===== Records provided =====

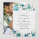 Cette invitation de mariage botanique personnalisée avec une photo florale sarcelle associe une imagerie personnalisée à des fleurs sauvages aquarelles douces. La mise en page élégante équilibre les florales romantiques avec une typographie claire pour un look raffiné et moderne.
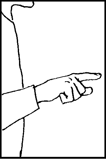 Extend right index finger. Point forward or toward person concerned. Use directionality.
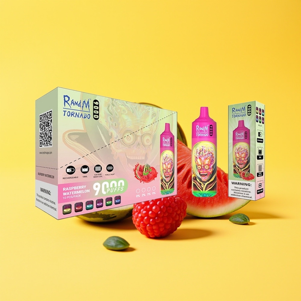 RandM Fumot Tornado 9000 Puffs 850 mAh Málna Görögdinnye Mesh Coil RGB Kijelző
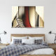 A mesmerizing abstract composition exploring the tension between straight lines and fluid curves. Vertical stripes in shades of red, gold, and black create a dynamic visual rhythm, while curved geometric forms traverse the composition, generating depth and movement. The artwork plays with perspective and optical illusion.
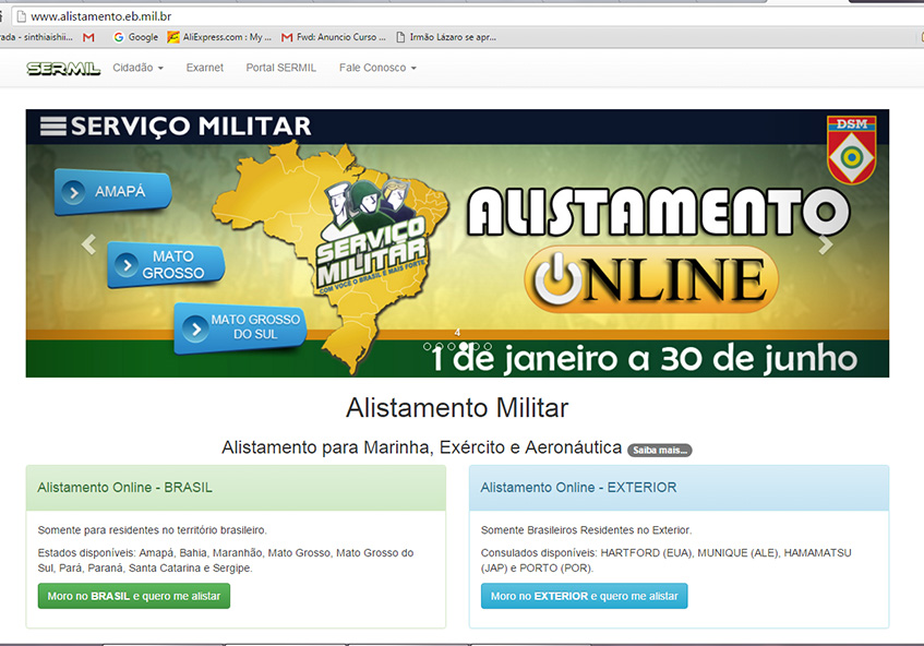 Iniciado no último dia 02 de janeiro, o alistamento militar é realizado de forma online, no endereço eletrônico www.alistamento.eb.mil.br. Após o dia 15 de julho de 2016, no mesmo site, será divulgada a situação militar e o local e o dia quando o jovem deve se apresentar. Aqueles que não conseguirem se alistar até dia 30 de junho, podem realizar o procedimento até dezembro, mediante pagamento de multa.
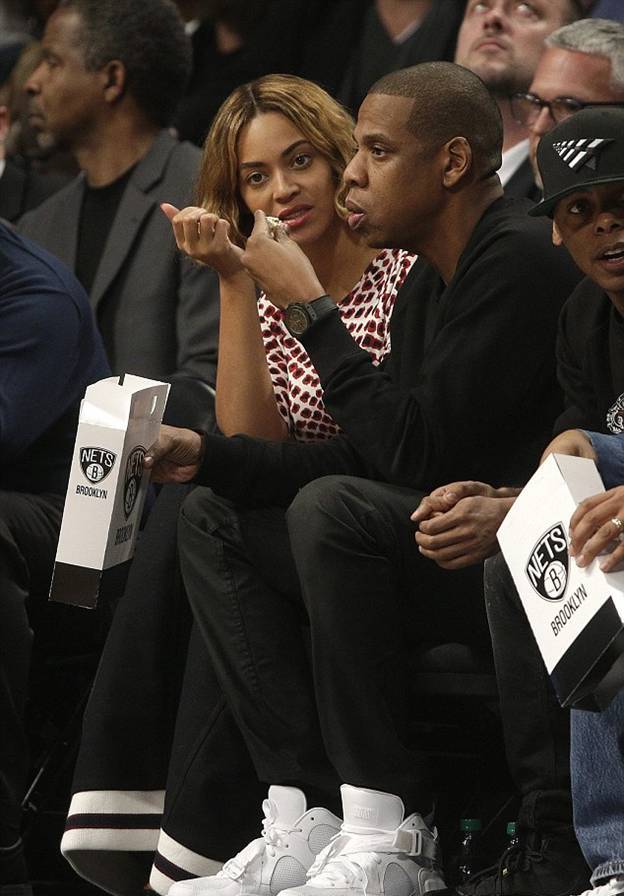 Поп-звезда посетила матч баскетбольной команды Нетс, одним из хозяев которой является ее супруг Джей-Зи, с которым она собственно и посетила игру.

=====

> **Exercise details**: The copy should hold exactly the lines from the line containing "RandM Fumot Tornado" through the end of the data, both ends included, and no pictures.

> **Answer for the task**:
 RandM Fumot Tornado 9000 Puffs 850 mAh Málna Görögdinnye Mesh Coil RGB Kijelző
 A mesmerizing abstract composition exploring the tension between straight lines and fluid curves. Vertical stripes in shades of red, gold, and black create a dynamic visual rhythm, while curved geometric forms traverse the composition, generating depth and movement. The artwork plays with perspective and optical illusion.
 Iniciado no último dia 02 de janeiro, o alistamento militar é realizado de forma online, no endereço eletrônico www.alistamento.eb.mil.br. Após o dia 15 de julho de 2016, no mesmo site, será divulgada a situação militar e o local e o dia quando o jovem deve se apresentar. Aqueles que não conseguirem se alistar até dia 30 de junho, podem realizar o procedimento até dezembro, mediante pagamento de multa.
 Поп-звезда посетила матч баскетбольной команды Нетс, одним из хозяев которой является ее супруг Джей-Зи, с которым она собственно и посетила игру.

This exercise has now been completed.